Shift to the Right, Ronald Reagan

Shift to the Right, Ronald Reagan

Even though many Americans supported the turn to the right, it was largely a movement of the powerful. Some of the very largest corporations organized a campaign to make sure that they settled the crisis in a way that favored them. First, they set up “think tanks” which outlined a conservative economic agenda. Second, they stepped up their lobbying efforts of friendly government officials and put money into supportive business organizations, such as the U.S. Chamber of Commerce. Third, they financed conservative candidates for public office. These efforts in the 1970s played a big role in bringing about the “turn to the right.” The conservatives gradually displaced the managed, social democratic form of capitalism followed for over four decades in the U.S. with an agenda similar to the classical era. It would fall to Republican Ronald Reagan, elected president in a decisive showing in November 1980, to forge a new economic agenda in the U.S.

The crisis of the 1970s had ended with the emergence of a neoliberal version of capitalism. It was a well-planned change to a system that benefited specific groups of people. The golden era of post-war capitalism in the U.S. was a time when there was a balancing act among government, labor, the middle class, and business interests. Although not perfect, all groups generally profited from the cooperation. Yet, many business groups felt they were limited in their ability to make more profits. Big business interest group organized and funded an agenda to take the lead in shaping the future economic system. For them, their hard work and investments paid off.

As the world’s leading economy, the U.S. had a more significant role in shaping the global economy than other countries. Three dimensions to the global economy took shape out of the disorder of the 1970s – neoliberalism, economic globalization, and financialization.

Today, Europe clings to the social democratic policies since the 1930s with a generous social safety net, but it also competes with countries practicing neoliberalism, such as the U.S., that has seen a fraying of the social safety net.
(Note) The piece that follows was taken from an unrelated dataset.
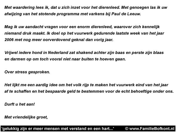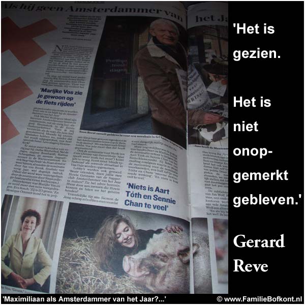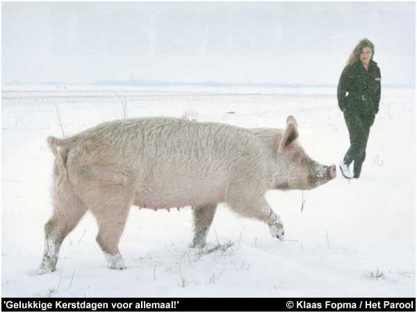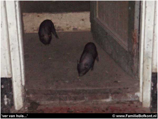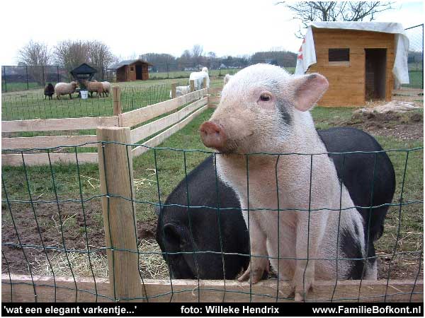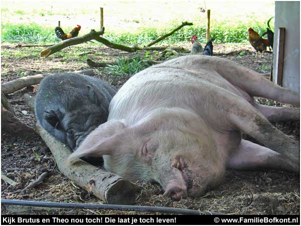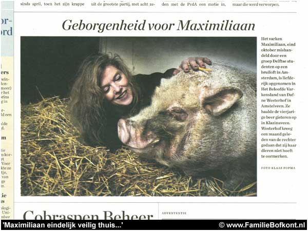 Donderdag 4 januari 2007 De Dag van Reacties Op De Leeuw En Het Varken ![]() Er komen goeie reacties op mijn stuk op Dierennieuws.nl. Gelukkig maar. Ik hoop dat de VARA veel klachten heeft gekregen. Zie hier op Dierennieuws.nl: De Leeuw & het Varken. ![]() Woensdag 3 januari 2007 De Dag van De Varkensbemiddelaar ![]() Het jaar is goed begonnen. Heb gister bemiddeld bij het herplaatsen van een hangbuikzwijntje. Dat is altijd een hele opluchting. Weer een varkentje gered. Verder gaf ik gelegenheid ... Kraambezoek gister van diverse pluimage. Allemaal Familie Bofkont Fans. Myrte - fan van het eerste uur - met haar Family brachten een snoezig Delfts Blauw Biggetje mee met inhoud. Moeke & haar Biggies hebben bergen aandacht gehad. Goed voor de ontwikkeling van de kleintjes. Ze beginnen nu echt aan verschillende mensen te wennen. De mannen stonden buiten een dubbele staldeur te restaureren. Zo hoort het ook. De vrouwen aan het troetelen en mannen aan het zwoegen. Hahaha... Mooie dag! Dinsdag 2 januari 2007 De Dag van De Leeuw En Het Varken ![]() Wie heeft de oudejaarsuitzending van Paul de Leeuw gezien? Ik was des duivels. Dat arme varkentje dat daar zo door hem geschoffeerd werd. En die Yvon Jaspers, die daar maar wat stom stond te grijnzen en te griezelen. "Pas op hoor! Hij kan bijten!" Ja vind je het gek. Dat arme beestje stond stijf van de stress temidden van die joelende massa. Stelletje dombo's. Voor wie er nu helemaal niks van begrijpt, er zaten een paar varkentjes in zijn programma. Een middelgrote hangbuik aan een riem en een paar biggies in een mand. Zo leuk! Ja, ja... Een poosje geleden werd ik voor deze uitzending door de redactie gebeld of ik langs wilde komen met een paar varkens op Oudjaar bij Paul de Leeuw, want een paar mensen hadden de wens om met een varken te kunnen knuffelen. Ik vond dat al zo'n malle vraag, want dan kun je toch gewoon naar Het Beloofde Varkensland toekomen? Kijk hier maar wat ik ze toen per mail heb geantwoord: Aan de redactie van Paul de Leeuw Dag Frederieke, Het zal niet gaan. 't Lijkt misschien leuk, maar voor de varkens is 't dat niet. Integendeel. Een varken is een territoriumgericht dier, dat leeft in een wereld van geuren en klanken. In een vreemde omgeving zijn ze doodongelukkig. Ze hebben zeker een paar dagen nodig om de nieuwe plek te onderzoeken op die vreemde geuren en klanken (Daarna pas zijn ze misschien heel voorzichtig toe aan contact met nieuwe vreemde mensen). De stress die dat met zich meebrengt is enorm (Het varkentje op de poster bij Katja en Georgina in bed was zo panisch, dat het uiteindelijk op de poster is gephotoshopt...). Het vervoer met de vuurwerkknallen onderweg brengt ook nog extra stress met zich mee. Je ziet dat - zelfs al zou je willens en wetens toch varkens in de studio willen hebben - er van een ontspannen contact tussen mens en varken totaal geen sprake kan zijn. Doe het liever niet, in belang van de varkens. Aan de varkenswens wil ik natuurlijk wel van harte meewerken. De 'varkensgekken' zijn welkom op Het Beloofde Varkensland voor een uitgebreide kennismaking met de Familie Bofkont en een varkensmassagesessie. Ik hoor wel wat je daar van vindt. etc. etc. En het dan toch gewoon doen. Die arme dieren, Wat had ik met ze te doen. En Paul er zogenaamd maar leuk op schelden, dat ze zich niet zo aan moesten stellen en Yvonne Jaspers helemaal geshockeerd door hun gegil en die stomme eigenaar die dat allemaal zo maar toeliet. Ik ben dol op Paul de Leeuw. Mensen in de maling nemen die weten waar ze aan beginnen als ze in zijn show komen, is een ding. Maar bij dieren werkt dat niet. Die hebben geen keus. En het publiek maar lachen. Walgelijk om met een programma te willen scoren over de rug van dieren heen! Wat een misselijke vertoning. PS De nieuwe site is natuurlijk (!) nog niet klaar. Altijd veel meer werk dan je aanvankelijk denkt. Dus is Billie Bofkont gewoon al op deze site begonnen aan zijn boek. Komt later in de week wel goed. Maandag 1 januari 2007 De Dag van Het Boek van Billie Bofkont ![]() Namens de hele Familie Bofkont wens ik al onze Varkensvrienden en alle andere leuke mensen een heel goed 2007. De dieren hebben een goede ouderjaarsnacht achter de rug. Toen de klok 12 uur sloeg, ben ik de stallen ingeslopen. Ze lagen allemaal lekker in het stro en dat heb ik maar zo gelaten. Om het erf heen hing een gordijn van aanhoudend vuurwerkgeknal. Gelukkig net ver genoeg om niet angstaanjagend te worden. 1 januari. Een frisse start. We zijn bezig met een nieuwe website. Net zo leuk als de vorige - misschien nog wel veel leuker - maar deze keer met een nieuwe structuur. Dat werd hoog tijd. Het leven is een aaneenschakeling van puinruimen en orde scheppen in de chaos. Zo blijf je lekker bezig en je hoopt maar dat je iedere keer toch een stapje verder komt. Billie Bofkont woont dit jaar 10 jaar op Het Beloofde Varkensland. Hij schrijft er een boek over. Een online boek. Iedere dag een bladzij. 'Je weet nooit hoe lang je nog hebt' zei hij tegen de jonge Gieltje 'en daarom ga ik alles vastleggen voor later.' Vanavond staat de eerste bladzij er dus op. De hele Familie Bofkont verheugt zich enorm op het Billie Bofkont Boek. Wat zal hij veel te vertellen hebben. Rosamunde staat de hele dag al kribbig te kijken, want zij woont hier nog langer dan Billie. Maar ik weet zeker dat Billie dat wel recht gaat zetten in zijn verhaal. Daar is hij beschaafd genoeg voor. Iets anders: Tot mijn verrassing kwam ik mezelf in het Parool tegen met Maximiliaan. Kennelijk ben ik voorgedragen - evenals vorig jaar blijkt nu, ook nooit geweten - als Amsterdammer van het Jaar. De genomineerden-status niet gehaald, maar dat zat er toch niet in, begreep ik uit het artikel. Daar is de Familie Bofkont al te bekend voor en dat is niet de bedoeling van deze verkiezing. Geeft niks. 'De Familie Bofkont is gezien en niet onopgemerkt gebleven', zou Gerard Reve gezegd hebben. Dat is en blijft een goede zaak voor alle dieren die (nog) niet tot De Orde der Bofkonten

State capitalism, a carryover from communist command economies, continues in China, Russia, Saudi Arabia, and elsewhere. Perhaps the Brexit vote will mean a move to more nationalistic, protectionist economies, reminiscent of the ISI economies in the 1950s and 1960s. Or perhaps the supporters of neoliberalism will once again assert that their principles govern the world economy.

questions-to-consider

  1. Why did different economic models exist during the post-war years?
  2. Why was there a return to the classical era of laissez-faire capitalism (neoliberalism) in the 1970s?